_ENTRIES SHOWN_
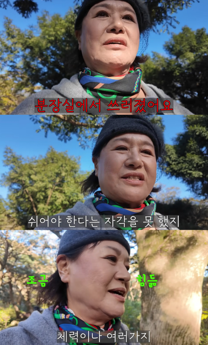 해당 영상에서 제주 여행을 떠난 박원숙은 “사실 제주도를 너무 좋아해서 남해 가기 전에 제주도에서 먼저 살까 생각했었다. 근데 그때도 일하느라 힘들어서 분장실에서 쓰러졌다. 무식하게 병원에 가서 치료하고는 쉬어야 한다는 자각을 못 했다”고 고백했다.
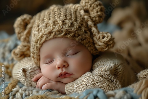 Peaceful newborn portrait with handmade beige knit hat and blanket in gentle natural light. Perfect for nursery decor, baby albums and maternity services.
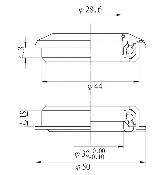 Rozměr: 28,6/44,0/30,0mm /vrchní miska - střed - spodní miska
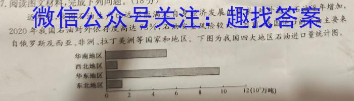 17.阅读图文材料,完成下列问题。(18分)近年来,我国石油生产已远不能满足自身经济发展的需求,对外进口石油逐年增加,2020年我国石油对外依存度高达73%,石油安全风险较大。目前,我国进口的石油主要来自俄罗斯及西亚、非洲、拉丁美洲等国家和地区。下图为我国四大地区石油进口量统计图。
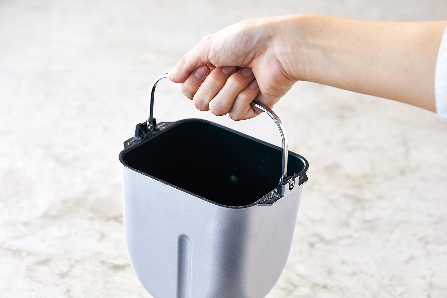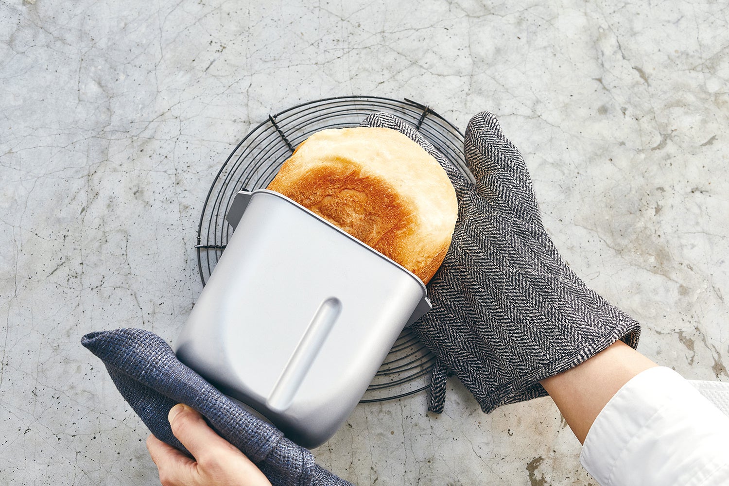キッチンで使う家電は「大きい」「幅をとる」ことが悩みのひとつ。[コンパクトベーカリー]はその名の通り、コンパクト。幅約20.5cmなので棚やワゴンにも置けるサイズです。操作性の良さを保ちながら、デザイン性も追求。カラーは、存在感を放ち過ぎないツヤを抑えたマットな質感。そして裁ち落としたようにフラットで直線的な形状は、美しさだけでなく、キッチンの角や壁面にも置きやすいように設計。バケツの取手のような垢抜けない本体ハンドルは追放。本体底から指をかけて持ち上げられるようにしました。インテリアの一部としても置いておきたくなるようなホームベーカリーを目指しました。
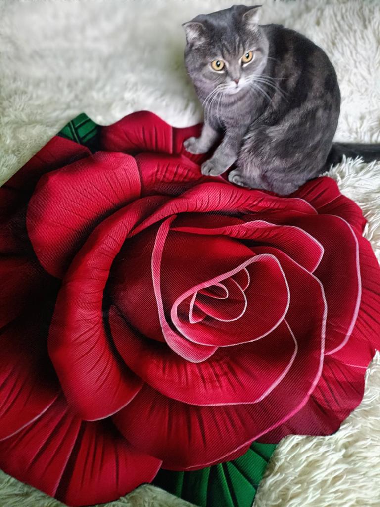Яркий красивый коврик🌹 Очень необычно выглядит! Рисунок на нем 3D, лепестки как живые ! Как будто выпуклые- судите сами. С обратной стороны коврик чёрный, и на нём сделаны резиновые пупырышки. Так что он не скользит, лежит так как вы его положили. Пришел в узком пакетике, свёрнутый трубочкой. Легко расправился. Котикам моим коврик понравился, мне и дочке тоже. Заказала ей такой же, другого цвета.
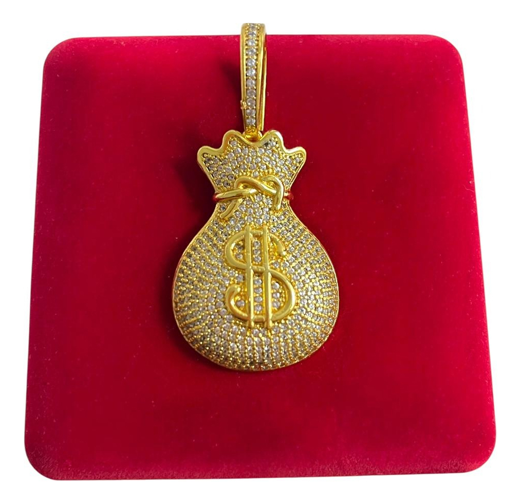 Pingente Saco De Dinheiro Fechada Banhado A Ouro 18k
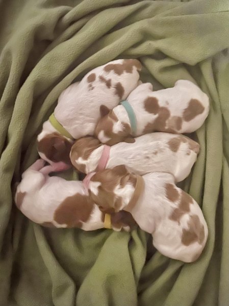 American Brittany puppies for sale born November 23 2022. these dogs come from peter gun, tequilas joker renegade Kansas kid Nolan's last bullet and many more. there all orange and white. will be ready to go in January. these dog make great hunters and pets. there's 5 puppies, 4 girls and 1 boy. If interested call Isabelle Owens at 803 608 66 37.
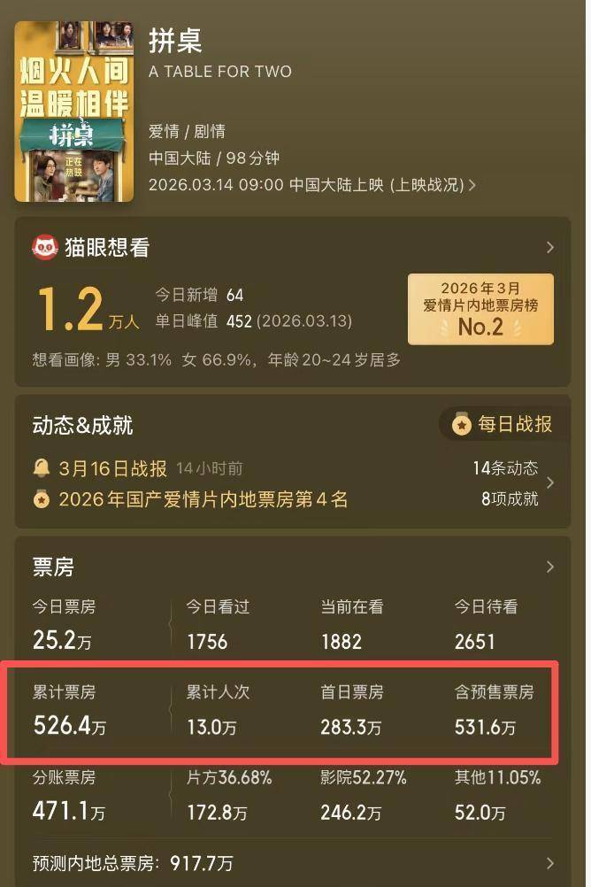 然而,在2026年伊始,“连爆三部电影”的王传君却遭遇重创,他主演的电影《拼桌》一上映便扑街。上映四天仅收获526万票房,甚至不及同期电影票房的零头。
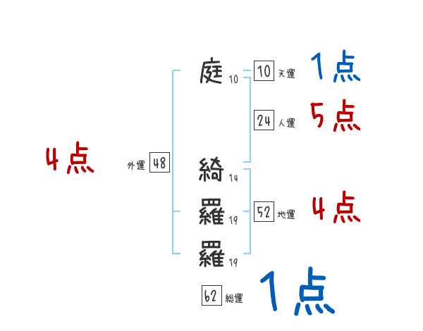 地運![]() | 庭綺羅羅さんの地運は52画の4つ星!先見性と独創性に優れ考える力がある。強運の持ち主。 個性を表す基礎的な運勢です。性格形成や対人関係、行動力など家庭環境に影響されます。主に誕生してから20歳くらいまでの若年期の運勢を表します。 |
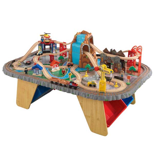 112 częściowa trasa rozciąga się wokół makiety, przez mosty oraz przez górę z wodospadem. Uniesione brzegi stolika w postaci torowiska zapobiegają spadaniu zabawek ze stolika na podłogę.Tory są kompatybilne z innymi znanymi markami kolejek.Cechy produktu:- Precyzyjnie wykonane drewniane elementy- Kolorowa i trwała powierzchnia makiety- Duże wymiary pozwalają na zabawę kilkoro dzieci jednocześnie- Solidna konstrukcjaKolejka zawiera szczegółową instrukcję montażu krok po kroku.Wierzymy, ze każde dziecko potrzebuje inspiracji do odkrywania i wyrażania siebie,tak brzmi maksyma działającej już od 1968 roku firmy skupiajacej się na projektowaniu zabawek edukacyjnych. Kidkraft jest liderem w produkcji drewnianych zabawek oraz akcesoriów do pokoju dziecięcego.W ofercie znajdują się drewniane domki dla lalek, kuchnie, garaże z samochodami dla chłopców, tablice dwustronne oraz wiele innych kreatywnych zabawek przy których dziecko spędzi mnóstwo radosnych chwil.
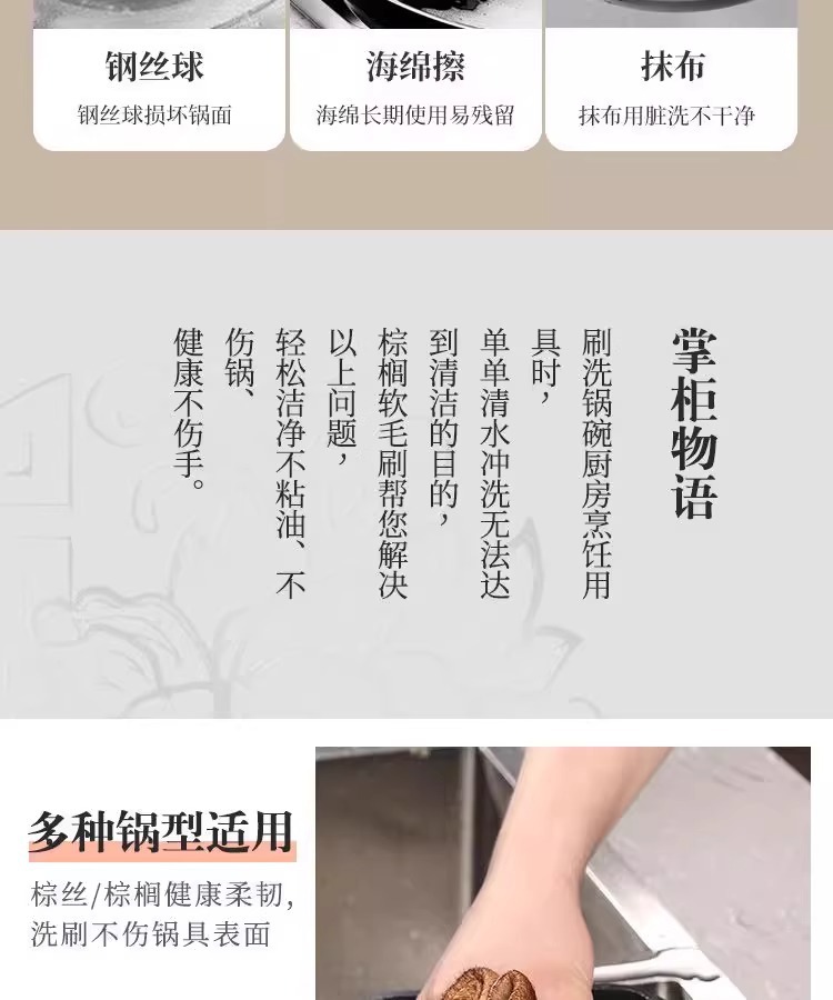 냄비솔 코코넛섬유 브러쉬 전통 코코넛섬유 설거지솔 가정용 냄비솔

_TASK DESCRIPTION_
Start at the line holding "American Brittany puppies" and stop at the last line of the entries above. Repeat those lines exactly, pictures excluded.

_EXPECTED ANSWER_
 American Brittany puppies for sale born November 23 2022. these dogs come from peter gun, tequilas joker renegade Kansas kid Nolan's last bullet and many more. there all orange and white. will be ready to go in January. these dog make great hunters and pets. there's 5 puppies, 4 girls and 1 boy. If interested call Isabelle Owens at 803 608 66 37.
 然而,在2026年伊始,“连爆三部电影”的王传君却遭遇重创,他主演的电影《拼桌》一上映便扑街。上映四天仅收获526万票房,甚至不及同期电影票房的零头。
 地運![]() | 庭綺羅羅さんの地運は52画の4つ星!先見性と独創性に優れ考える力がある。強運の持ち主。 個性を表す基礎的な運勢です。性格形成や対人関係、行動力など家庭環境に影響されます。主に誕生してから20歳くらいまでの若年期の運勢を表します。 |
 112 częściowa trasa rozciąga się wokół makiety, przez mosty oraz przez górę z wodospadem. Uniesione brzegi stolika w postaci torowiska zapobiegają spadaniu zabawek ze stolika na podłogę.Tory są kompatybilne z innymi znanymi markami kolejek.Cechy produktu:- Precyzyjnie wykonane drewniane elementy- Kolorowa i trwała powierzchnia makiety- Duże wymiary pozwalają na zabawę kilkoro dzieci jednocześnie- Solidna konstrukcjaKolejka zawiera szczegółową instrukcję montażu krok po kroku.Wierzymy, ze każde dziecko potrzebuje inspiracji do odkrywania i wyrażania siebie,tak brzmi maksyma działającej już od 1968 roku firmy skupiajacej się na projektowaniu zabawek edukacyjnych. Kidkraft jest liderem w produkcji drewnianych zabawek oraz akcesoriów do pokoju dziecięcego.W ofercie znajdują się drewniane domki dla lalek, kuchnie, garaże z samochodami dla chłopców, tablice dwustronne oraz wiele innych kreatywnych zabawek przy których dziecko spędzi mnóstwo radosnych chwil.
 냄비솔 코코넛섬유 브러쉬 전통 코코넛섬유 설거지솔 가정용 냄비솔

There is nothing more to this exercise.